I, too, am going through a similar situation. He's seeing a married, soon to be divorced woman, with a severely handicapped son that he went to high school with. Also, going out and partying at the bars. He's 40 years old and looks like a huge joke right now. I know that it isn't going to work being that one of the reason he left me was because I didn't worship him and put him on a pedestal. I work two jobs and go to school but NEVER withheld my love for him. I try to rationalize reasons as well but at the end of the day I know what I need to do. I need to focus on myself, take care of myself, and listen to my counselor. Running from one woman to the next during a divorce will get you no where in the end. Just remember that by focusing on yourself at this time you will come out a much better and happier person than he will ever be. In the future, if/when you decide to begin a relationship it will be healthy, happy, and functional.


----------



## honcho (Oct 5, 2013)

He wont discuss any of it with you because again it bringing his “ideal fantasyworld” into the real world. He doesn’t want to tarnish the fantasyland. That is why is to just about impossible to fight it. Its always a good time, no one has worked a 12 hour shift and feel terrible and the child is crying at two in the morning, things like that. You know the annoying real world stuff that the rest of us have to deal with.

He also doesn’t want to discuss and give you too many details because if you know too much it makes it that much harder to try and come back. Its much easier for him to lie trying to get back into your life than you knowing everything and he has to grovel that much harder. He isn’t at the point of writing you completely off yet so he does want to leave some small door open. The plan B. He hasn’t written you off completely for all his unhappiness and grand statements. 

Don’t take too much stock into the picture you have seen of her. He probably hasn’t seen her for real either, again the fun of the internet world. Have you ever tried to contact the girl thru the email address you have? Since her and your hubby are having fun in fantasyland you might as well have some with them and create a little drama in there world. She has no idea how much or how little you know.


----------



## jforthegirl (Nov 29, 2013)

honcho said:


> He wont discuss any of it with you because again it bringing his “ideal fantasyworld” into the real world. He doesn’t want to tarnish the fantasyland. That is why is to just about impossible to fight it. Its always a good time, no one has worked a 12 hour shift and feel terrible and the child is crying at two in the morning, things like that. You know the annoying real world stuff that the rest of us have to deal with.
> 
> He also doesn’t want to discuss and give you too many details because if you know too much it makes it that much harder to try and come back. Its much easier for him to lie trying to get back into your life than you knowing everything and he has to grovel that much harder. He isn’t at the point of writing you completely off yet so he does want to leave some small door open. The plan B. He hasn’t written you off completely for all his unhappiness and grand statements.
> 
> Don’t take too much stock into the picture you have seen of her. He probably hasn’t seen her for real either, again the fun of the internet world. Have you ever tried to contact the girl thru the email address you have? Since her and your hubby are having fun in fantasyland you might as well have some with them and create a little drama in there world. She has no idea how much or how little you know.
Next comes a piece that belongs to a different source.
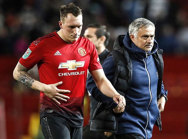 La forma en que José Mourinho trató a Phil Jones, a la izquierda, después de su derrota en la Copa Carabao contra Derby fue más allá de su habitual forma de criticar públicamente a sus jugadores. Martin Rickett/PA Wire/AP Photo

I do have one of her email addresses, but I believe that she has stopped using it and created a new one. I'm not sure if you've seen my other posts, but they are both internet trolls, so they have various email accounts because they get banned from certain websites and then have to create new logins for these sites (ie CNN, other news sites). They are both a part of "troll" chat room on disqus, where they met.
Anyway, I have an email address that she doesn't use, but I know I can find her on Google+, so I could email her there. But. ..I'm not sure what the point would be. She knows that I found out about them, but not sure if she knows that I know she is married. I started to write her a couple of emails, but really just did not know what to say. I mean, I'm in my 40s, and I kind of want to act my age, take this hit with a little grace, you know?
_Posted via Mobile Device_


----------



## ICLH (Dec 26, 2013)

I think if you were to email anyone it should be her husband other than that don't waste your time on that thing.


----------



## jforthegirl (Nov 29, 2013)

ICLH said:


> I think if you were to email anyone it should be her husband other than that don't waste your time on that thing.
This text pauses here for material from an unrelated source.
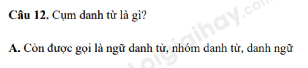 `->` Cụm danh từ là ngữ danh từ, nhóm danh từ, danh ngữ , một tập hợp do danh từ với một số từ ngữ phụ thuộc nó tạo thành , có ý nghĩa cụ thể, chi tiết hơn, có cấu tạo phức tạp hơn

I agree, if I could find him, I would definitely contact him to let him know.
_Posted via Mobile Device_


----------



## honcho (Oct 5, 2013)

I understand about contacting the OW. I would have sent an email just to be annoying I guess. Bring a little real world into fantasyland, just say something like her husband seemed nice. Something to create a little paranoia in her head. But that’s me. I could never figure out the whole internet troll, chatroom obsession. Course I cant figure out why the world loves facebook either. 

I do understand what you said by taking the hit with grace, really I do. It a rare quality


----------



## ICLH (Dec 26, 2013)

I thought about shooting the OW an email, as I know how to contact her, just to disrupt their fantasyland but being that she is floating in the same boat as he I didn't want to give them the satisfaction of even knowing I had THOUGHT about the two of them together. They have no morals. They'd probably spend the evening bashing me so I decided to keep it all to myself.


----------



## jforthegirl (Nov 29, 2013)

ICLH said:


> I thought about shooting the OW an email, as I know how to contact her, just to disrupt their fantasyland but being that she is floating in the same boat as he I didn't want to give them the satisfaction of even knowing I had THOUGHT about the two of them together. They have no morals. They'd probably spend the evening bashing me so I decided to keep it all to myself.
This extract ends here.